Work task: The line with "na blejtramie nalepki: - nalepka" marks the first line to copy, and the line with "Aerostreet Extra Soft" marks the last. Transcribe that stretch of the data below exactly, without pictures.

Excerpts from a dataset:
^^^^

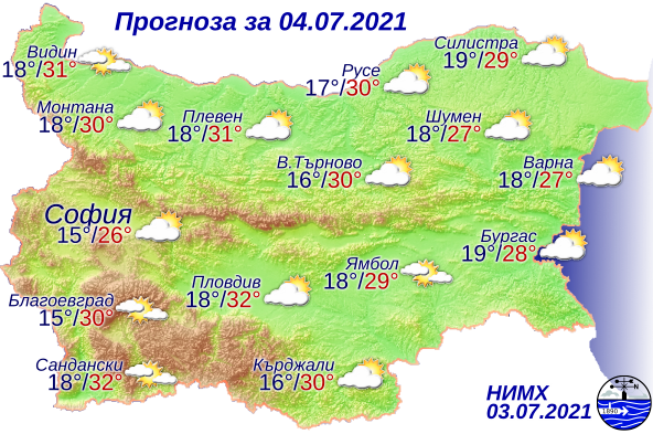 През неделния ден ще преобладава слънчево време. След обяд ще има временни увеличения на облачността, но само на отделни места, главно в планините, ще превали слабо. Ще е все още ветровито, с умерен северозападен вятър, който привечер ще отслабне. Дневните температури ще се повишат и максималните ще бъдат между 27° и 32°. Атмосферното налягане е близко до средното и слабо ще се понижи. Това съобщават от Националния институт по метеорология и хидрология (НИМХ).
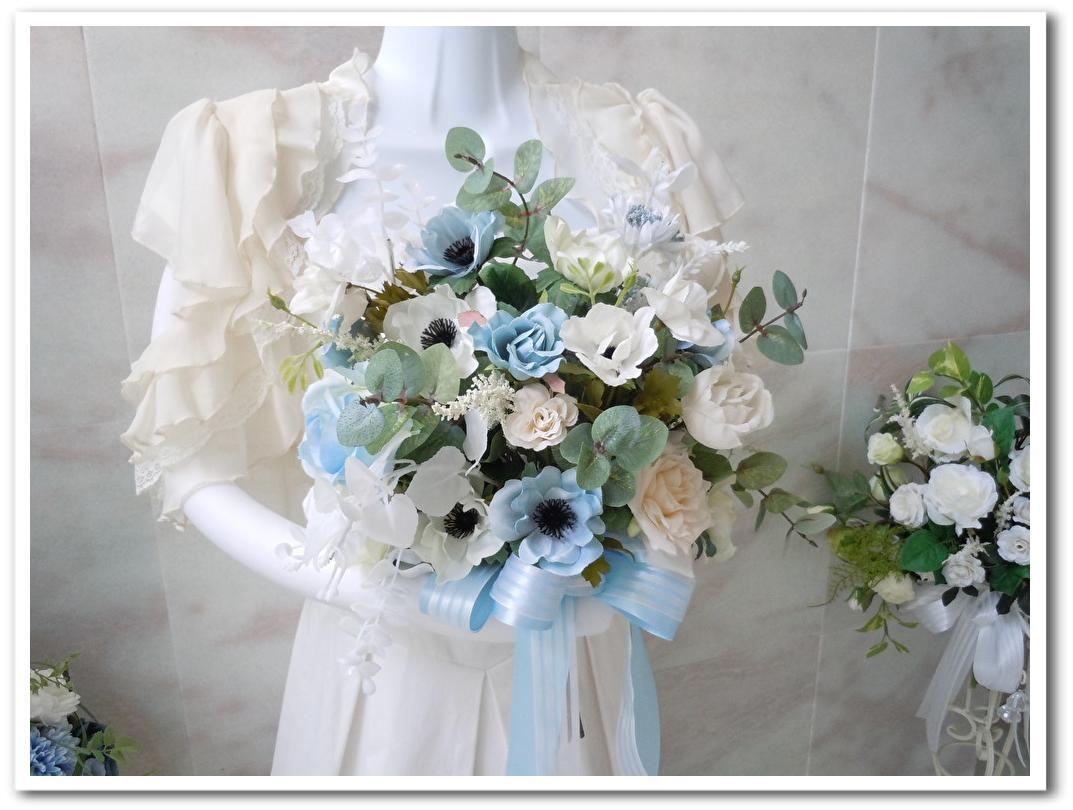◆アネモネ&ローズ*ブルー&ホワイト クラッチブーケ◆サムシングブルー パンパス ホワイトブーケ 前撮り インテリアブーケ 花束アレンジ アートフラワー 造花
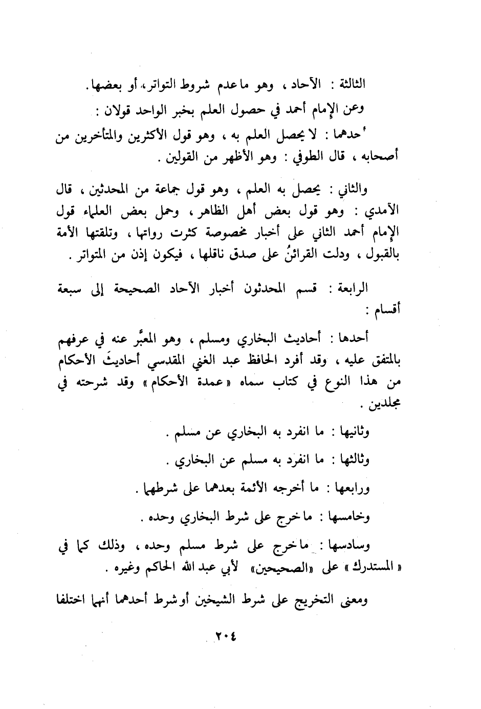 الرَّابِعَة قسم المحدثون أَخْبَار الْآحَاد الصَّحِيحَة إِلَى سَبْعَة أَقسَام أَحدهَا أَحَادِيث البُخَارِيّ وَمُسلم وَهُوَ الْمعبر عَنهُ فِي عرفهم بالمتفق عَلَيْهِ وَقد أفرد الْحَافِظ عبد الْغَنِيّ الْمَقْدِسِي أَحَادِيث الْأَحْكَام من هَذَا النَّوْع فِي كتاب سَمَّاهُ عُمْدَة الْأَحْكَام وَقد شرحته فِي مجلدين
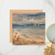 Ocean scene with sailboats in the distance and sandpipers on the beach. Impressionistic painting produces a soothing, calming shore feeling. Beach decor, summer vacation memories.
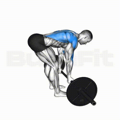 - 팔꿈치를 몸쪽으로 붙인다는 생각으로 팔을 굽혀 바벨을 복부까지 끌어당겨 줍니다.
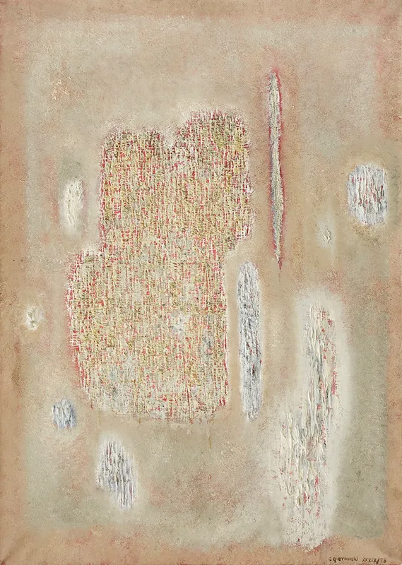 na blejtramie nalepki: - nalepka niemieckich zbiorów Sammlung Rosenkranz nr inw. 406; - Stefan Gierowski „Bild“ - o.50 x o.65 | Ol - 1958; ponadto na blejtramie napis: GIEROWSKI OBRAZ oraz okrągła pieczątka niemieckiego urzędu celnego.
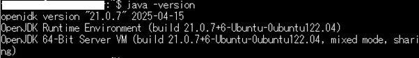 ①Ubuntu Linuxでも、Java(今回はOpenJDK 21)をインストールします。
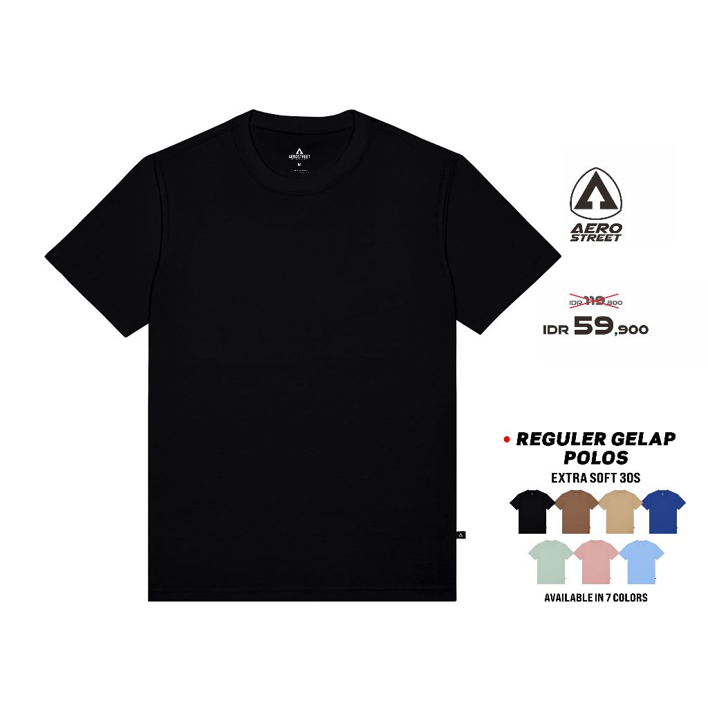 Aerostreet Extra Soft T Shirt Reguler Polos Gelap Kaos T-Shirt KAAAA
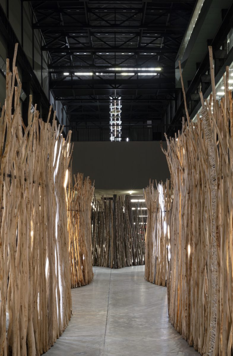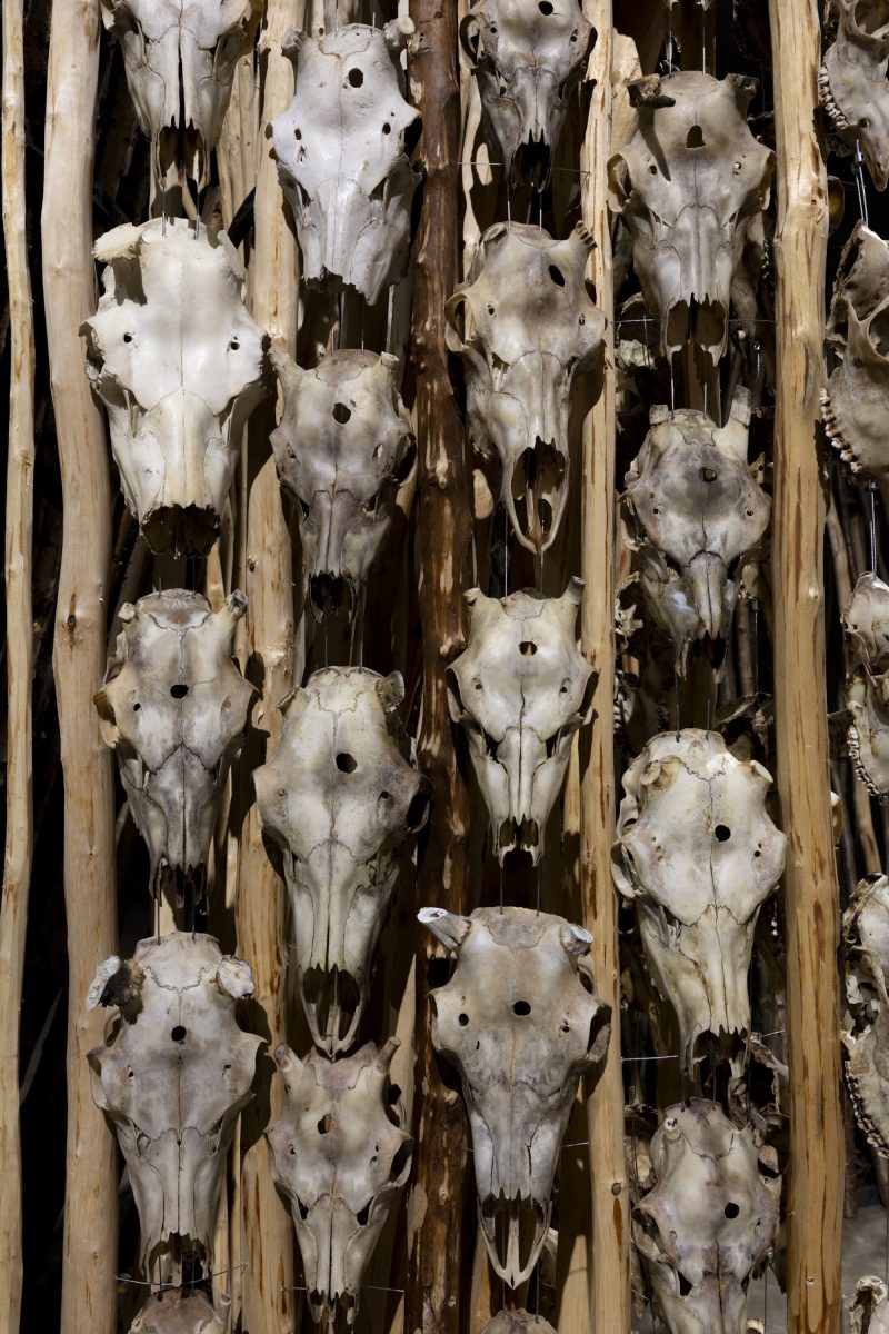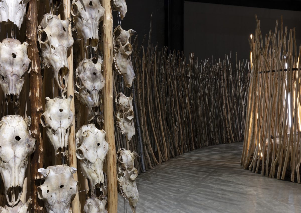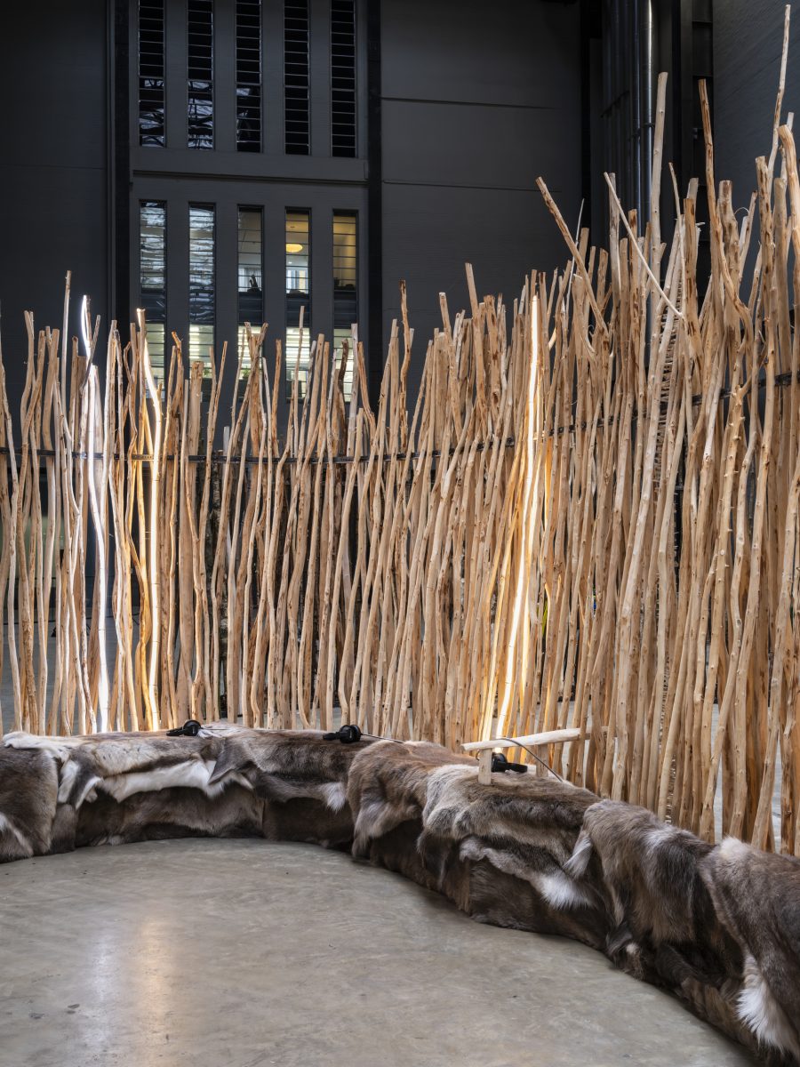 At the east end of the Turbine Hall, you can move through a maze-like structure based on the anatomy of the reindeer nose, an organ which can heat air by 80°C in under a second. Titled -Geabbil, visitors are invited to attune themselves to the energy and ancestral knowledge that courses through the winding passages. The walls of the installation are constructed from wooden poles carved with reindeer earmarks, distinct patterns that are passed down by generations of Sámi people to distinguish their herds and indicate their lifelong commitment to safeguarding the animals and their environment. As part of the traditional Sámi practice of duodji, hides and bones are integrated into the walls, giving new life to parts of the reindeer not used for food or clothing. This ensures that nothing is wasted, serving as a gesture of gratitude and respect to the reindeer.
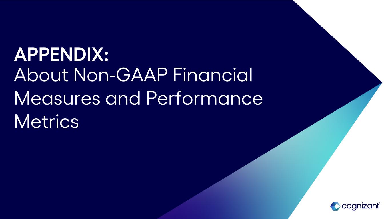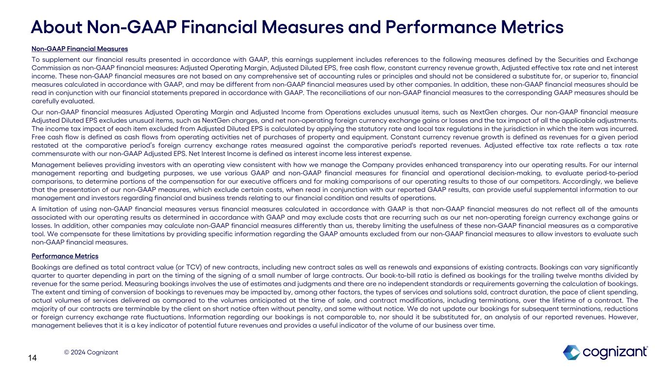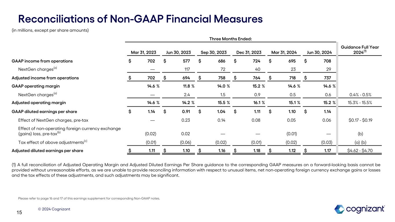 © 2024 Cognizant 14 Non-GAAP Financial Measures To supplement our financial results presented in accordance with GAAP, this earnings supplement includes references to the following measures defined by the Securities and Exchange Commission as non-GAAP financial measures: Adjusted Operating Margin, Adjusted Diluted EPS, free cash flow, constant currency revenue growth, Adjusted effective tax rate and net interest income. These non-GAAP financial measures are not based on any comprehensive set of accounting rules or principles and should not be considered a substitute for, or superior to, financial measures calculated in accordance with GAAP, and may be different from non-GAAP financial measures used by other companies. In addition, these non-GAAP financial measures should be read in conjunction with our financial statements prepared in accordance with GAAP. The reconciliations of our non-GAAP financial measures to the corresponding GAAP measures should be carefully evaluated. Our non-GAAP financial measures Adjusted Operating Margin and Adjusted Income from Operations excludes unusual items, such as NextGen charges. Our non-GAAP financial measure Adjusted Diluted EPS excludes unusual items, such as NextGen charges, and net non-operating foreign currency exchange gains or losses and the tax impact of all the applicable adjustments. The income tax impact of each item excluded from Adjusted Diluted EPS is calculated by applying the statutory rate and local tax regulations in the jurisdiction in which the item was incurred. Free cash flow is defined as cash flows from operating activities net of purchases of property and equipment. Constant currency revenue growth is defined as revenues for a given period restated at the comparative period’s foreign currency exchange rates measured against the comparative period's reported revenues. Adjusted effective tax rate reflects a tax rate commensurate with our non-GAAP Adjusted EPS. Net Interest Income is defined as interest income less interest expense. Management believes providing investors with an operating view consistent with how we manage the Company provides enhanced transparency into our operating results. For our internal management reporting and budgeting purposes, we use various GAAP and non-GAAP financial measures for financial and operational decision-making, to evaluate period-to-period comparisons, to determine portions of the compensation for our executive officers and for making comparisons of our operating results to those of our competitors. Accordingly, we believe that the presentation of our non-GAAP measures, which exclude certain costs, when read in conjunction with our reported GAAP results, can provide useful supplemental information to our management and investors regarding financial and business trends relating to our financial condition and results of operations. A limitation of using non-GAAP financial measures versus financial measures calculated in accordance with GAAP is that non-GAAP financial measures do not reflect all of the amounts associated with our operating results as determined in accordance with GAAP and may exclude costs that are recurring such as our net non-operating foreign currency exchange gains or losses. In addition, other companies may calculate non-GAAP financial measures differently than us, thereby limiting the usefulness of these non-GAAP financial measures as a comparative tool. We compensate for these limitations by providing specific information regarding the GAAP amounts excluded from our non-GAAP financial measures to allow investors to evaluate such non-GAAP financial measures. Performance Metrics Bookings are defined as total contract value (or TCV) of new contracts, including new contract sales as well as renewals and expansions of existing contracts. Bookings can vary significantly quarter to quarter depending in part on the timing of the signing of a small number of large contracts. Our book-to-bill ratio is defined as bookings for the trailing twelve months divided by revenue for the same period. Measuring bookings involves the use of estimates and judgments and there are no independent standards or requirements governing the calculation of bookings. The extent and timing of conversion of bookings to revenues may be impacted by, among other factors, the types of services and solutions sold, contract duration, the pace of client spending, actual volumes of services delivered as compared to the volumes anticipated at the time of sale, and contract modifications, including terminations, over the lifetime of a contract. The majority of our contracts are terminable by the client on short notice often without penalty, and some without notice. We do not update our bookings for subsequent terminations, reductions or foreign currency exchange rate fluctuations. Information regarding our bookings is not comparable to, nor should it be substituted for, an analysis of our reported revenues. However, management believes that it is a key indicator of potential future revenues and provides a useful indicator of the volume of our business over time. About Non-GAAP Financial Measures and Performance Metrics
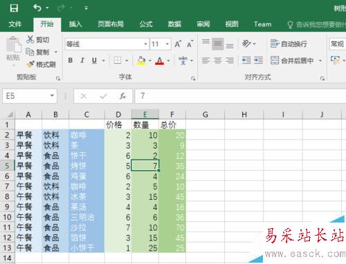1、收集、建立一定時期內的銷售數據,建立數據表。如圖為一家快餐店一天的商品銷售情況。
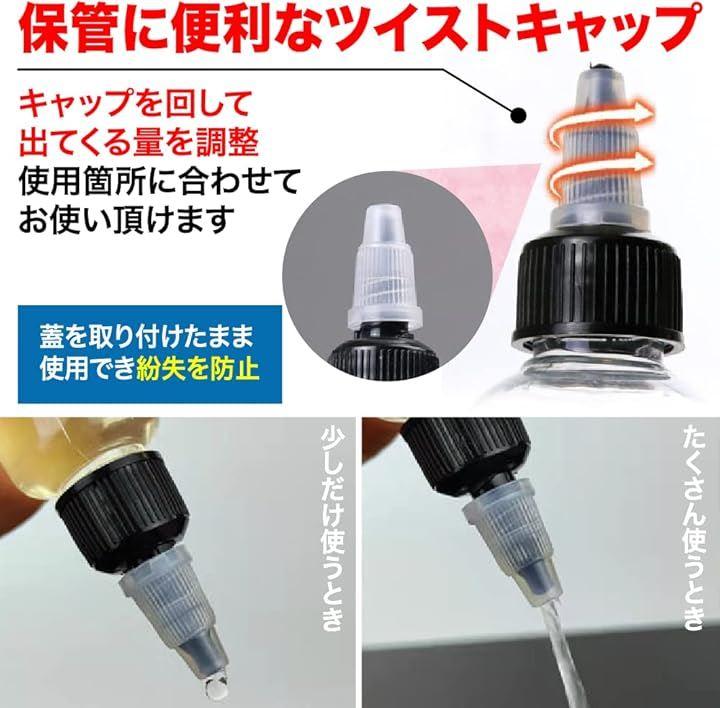 「保管に便利なツイストキャップ」出てくる量を調整できるツイストキャップ構造で使用箇所に合わせてお使い頂けます。

^^^^

Task solution:
 na blejtramie nalepki: - nalepka niemieckich zbiorów Sammlung Rosenkranz nr inw. 406; - Stefan Gierowski „Bild“ - o.50 x o.65 | Ol - 1958; ponadto na blejtramie napis: GIEROWSKI OBRAZ oraz okrągła pieczątka niemieckiego urzędu celnego.
 ①Ubuntu Linuxでも、Java(今回はOpenJDK 21)をインストールします。
 Aerostreet Extra Soft T Shirt Reguler Polos Gelap Kaos T-Shirt KAAAA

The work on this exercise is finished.